Alüminyum miktarı bu göstergelerden biri
Konu üzerine Leicester Üniversitesi'nden jeoloji profesörü Jan Zalasiewicz, "İnsanlığın artık gezegenimizin jeolojisini etkilemede önemli bir rol oynadığına şüphe yok. Asıl soru şu: Bu değişiklikleri en iyi gözlemleyebileceğimiz yer neresi?" şeklinde açıklama yaptı. İnsanların gezegenimizin jeolojisi üzerindeki etkilerinin en önemli örneklerinden birinin alüminyum olduğunu da ekleyen Zalasiewicz’e göre, işlenmiş alüminyum miktarı bile gelecekte insanlığın soyu tükenirse, uzaylı ziyaretçilerin insanlığın farkında olmasına sağlayacak bir gösterge.

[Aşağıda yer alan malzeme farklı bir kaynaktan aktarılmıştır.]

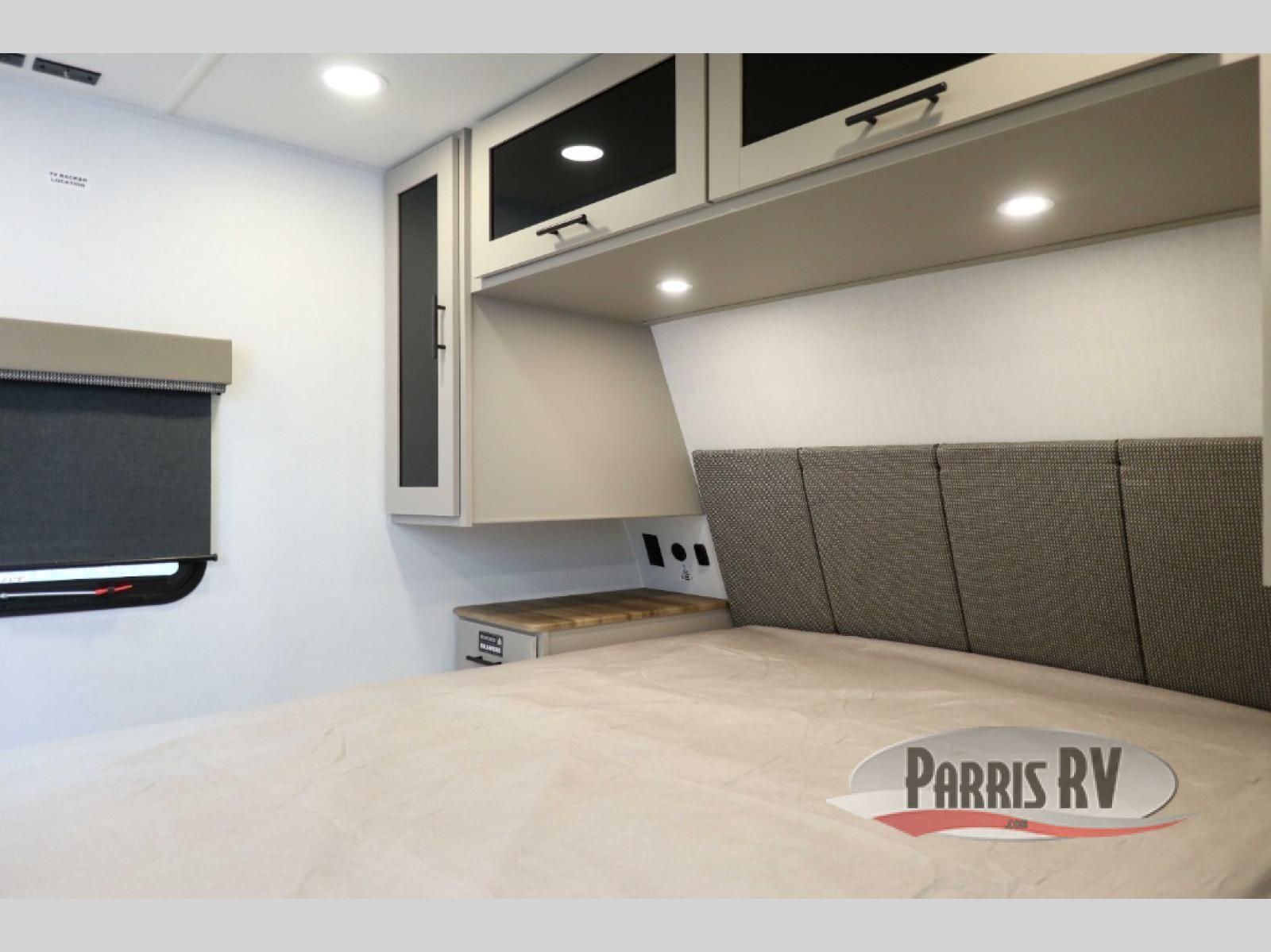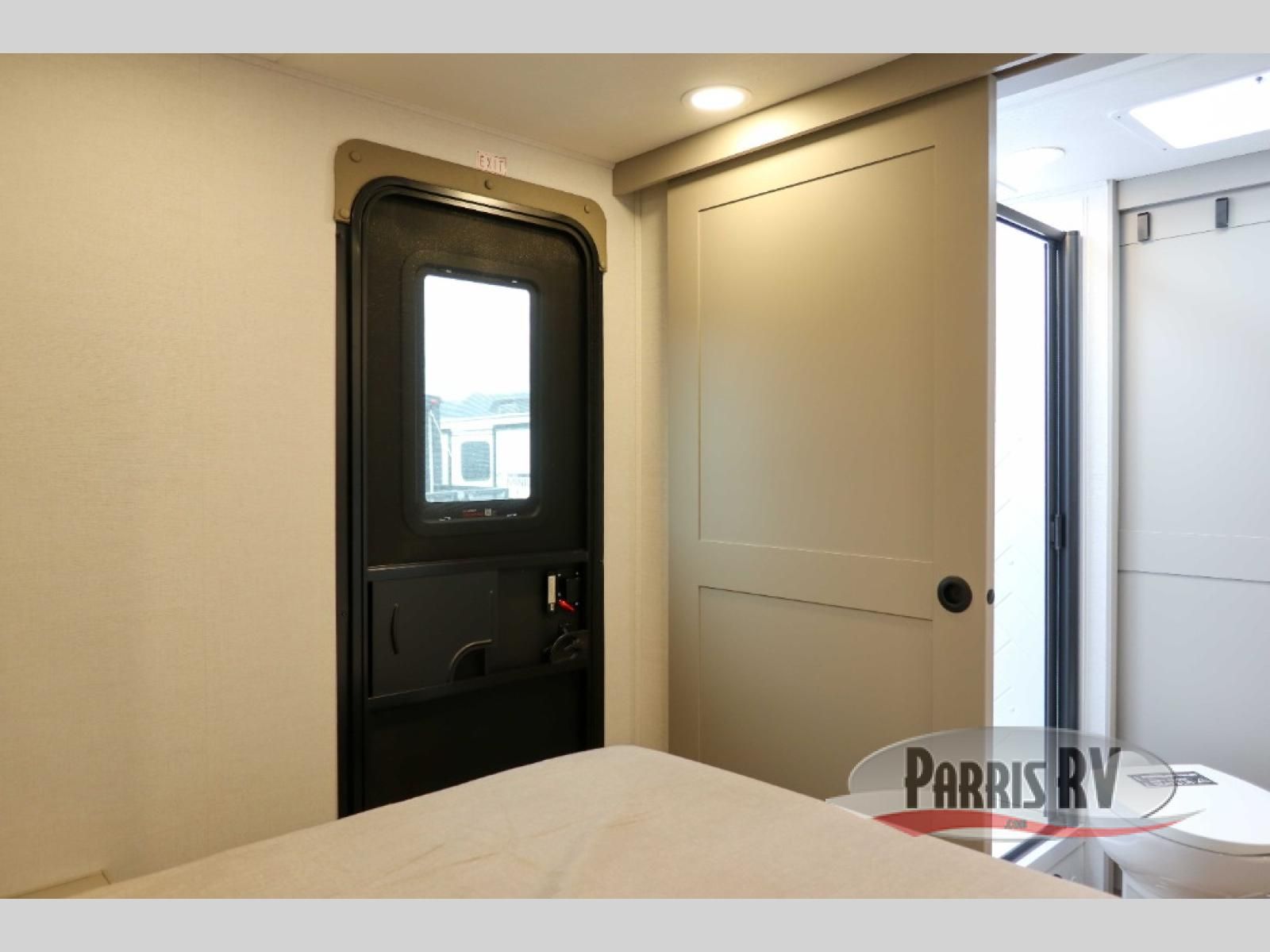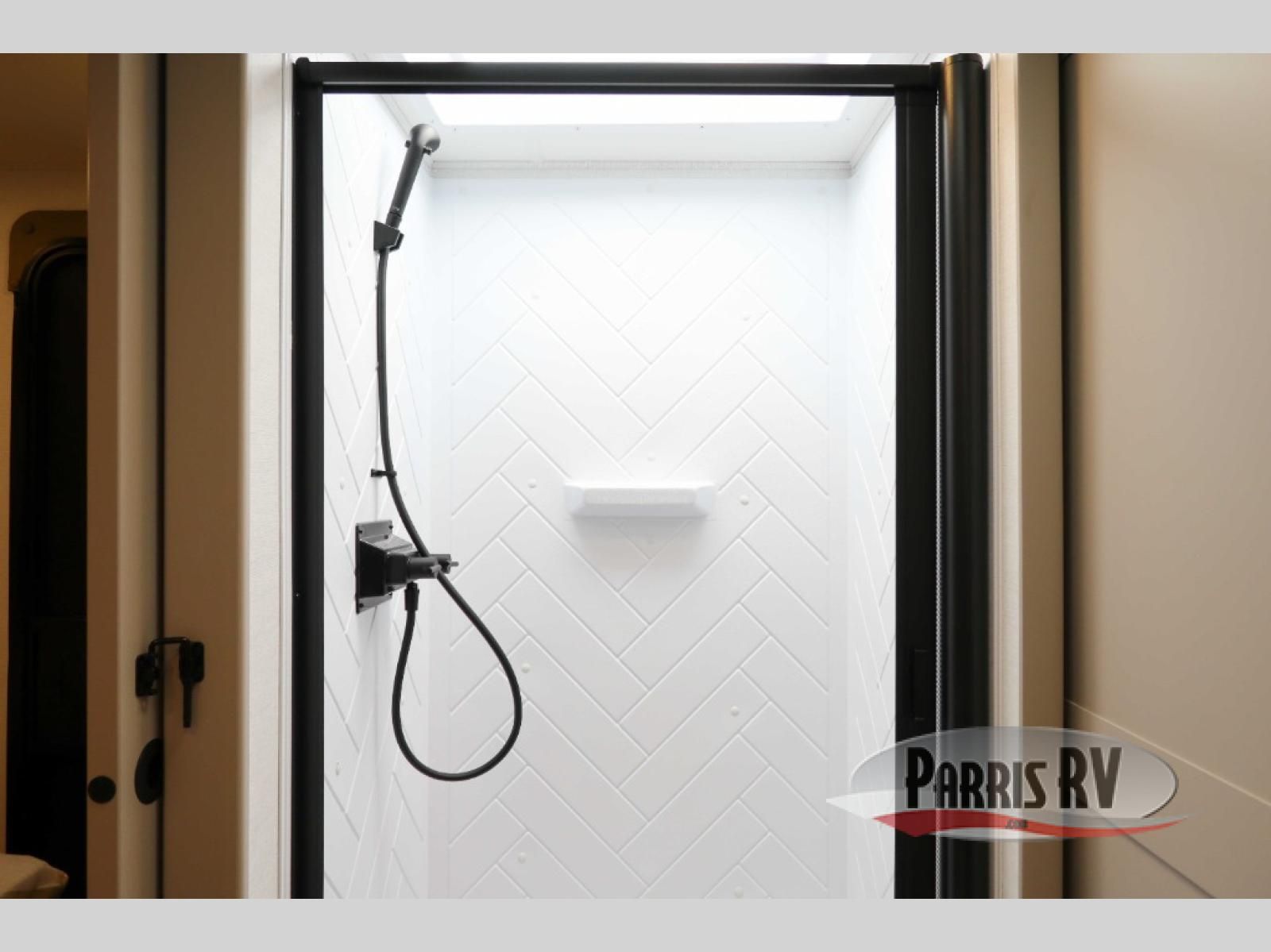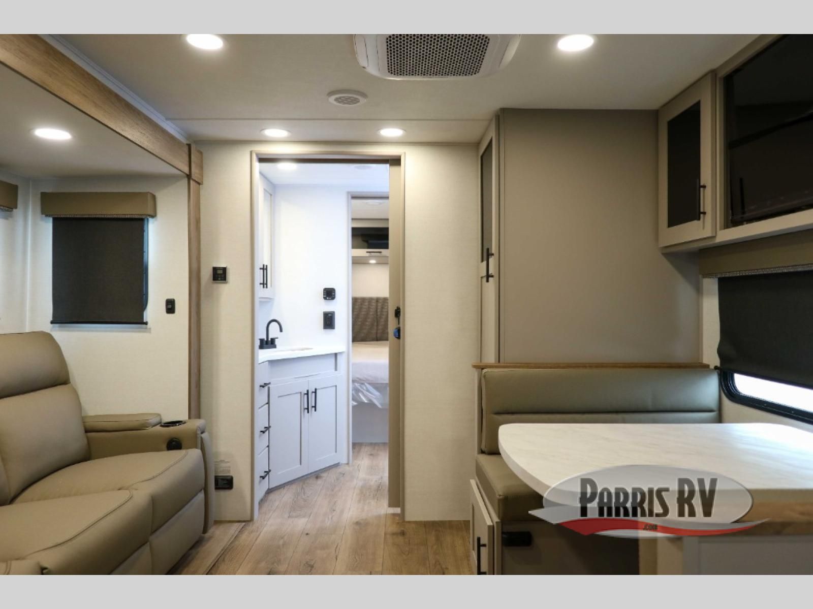 You'll love camping in this rear kitchen travel trailer with generous counter space and overhead storage for spices, dishes, and more. You can dine each day at the booth dinette or relax on the sofa slide out, which will provide more floor space. The spacious walk-thru bath includes a 30" x 36" shower, toilet, and vanity so you can clean up each day. Head to the front master bedroom where you can sleep soundly on the walk-around queen bed with dual nightstands and wardrobes. The second entry door is also found in this room so you can slip out for an early morning run!

Ancak, metalik alüminyumun ortaya çıkışı Antroposen'in tek işareti değil. Bir başka örnek de plütonyum elementi. Atom çağının doğuşuna kadar nadir olan bu element, Atmosferde test edilen nükleer bombaların gezegen yüzeyine plütonyum saçmasıyla artık kolaylıkla tespit edilebilecek bir miktarda.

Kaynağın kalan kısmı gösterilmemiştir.